ECAI 2024 - International Conference on E-commerce and Artiﬁcial Intelligence

562

3 CONFIGURATIONS FOR

HYBRID MODEL

CNN is a frequently utilized model. The fundamental

building blocks of the CNN model, the convolution

layer and pooling layer, are capable of automatically

extracting and reducing the dimension of the input

features. This reduces the adverse impact of the

traditional model and works better for extracting

characteristics of stock information. The convolution

layer extracts some local features of the input stock

price sequence through the convolution kernel, which

is equivalent to the feature extractor.

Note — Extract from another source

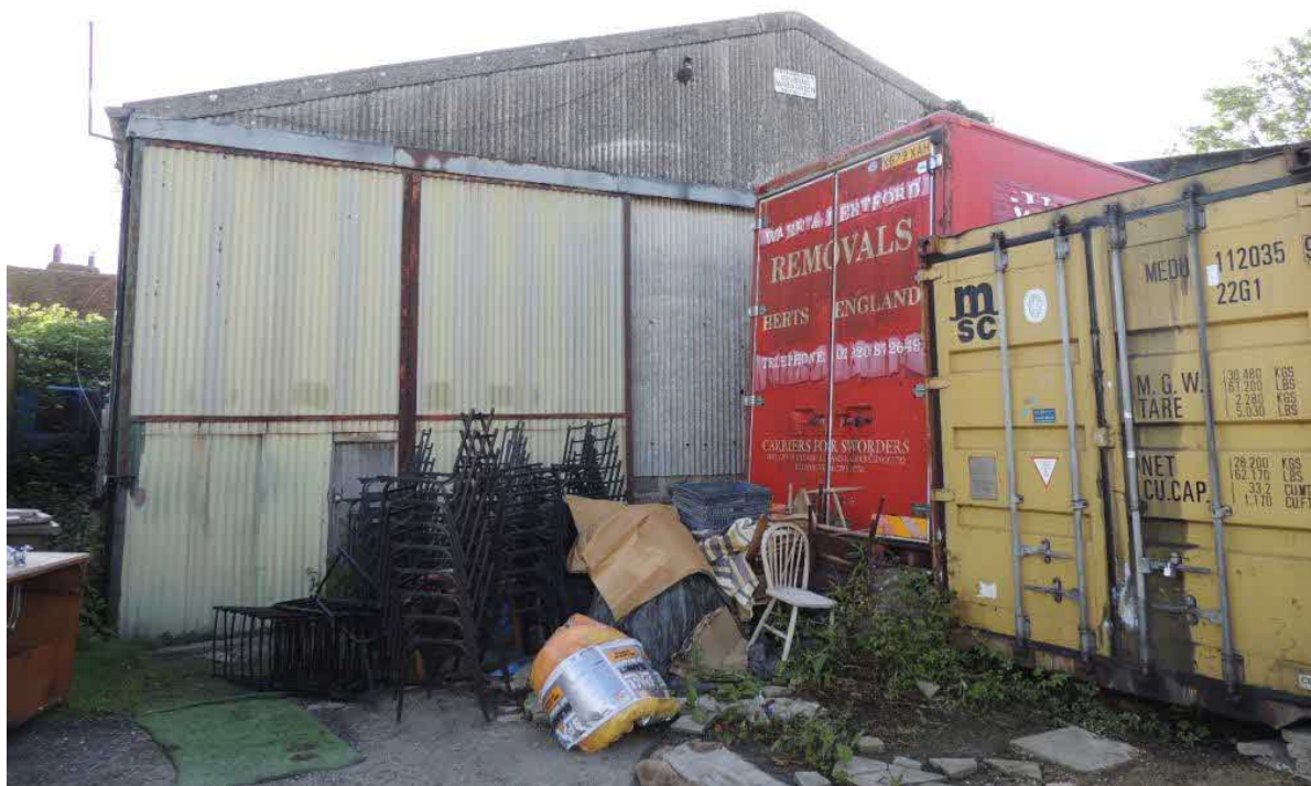
Photo 1: South-western elevation. The proposal is to demolish and replace with smaller light industrial units

As part of a planning application involving a modern barn at Lovecotes Farm, Chickney Road, Henham, Bishops Stortford, Hertfordshire CM22 6BH, a site visit was conducted on 26 th May 2022 to determine whether the site had the potential to be occupied by protected species, which would be affected if any proposed development were to go ahead.

The stock price

series is reduced and the secondary features are

extracted during the pooling layer, so as to further

enhance the model's capacity for generalization. Long

Short-Term Memory(LSTM) is generally limited to

transmitting data in a single direction and only

accepting input from the past; it cannot process input

from the future. Data from the past and the future can

be taken into account by BiLSTM simultaneously. Its

principle is: Compute LSTM's path starting from both

ends respectively, and then merge the LSTMs of the

two directions(Althelaya, 2018). Past data

information of the input sequence is stored in the

forward LSTM. Information regarding the input

sequence's future is contained in the backward LSTM.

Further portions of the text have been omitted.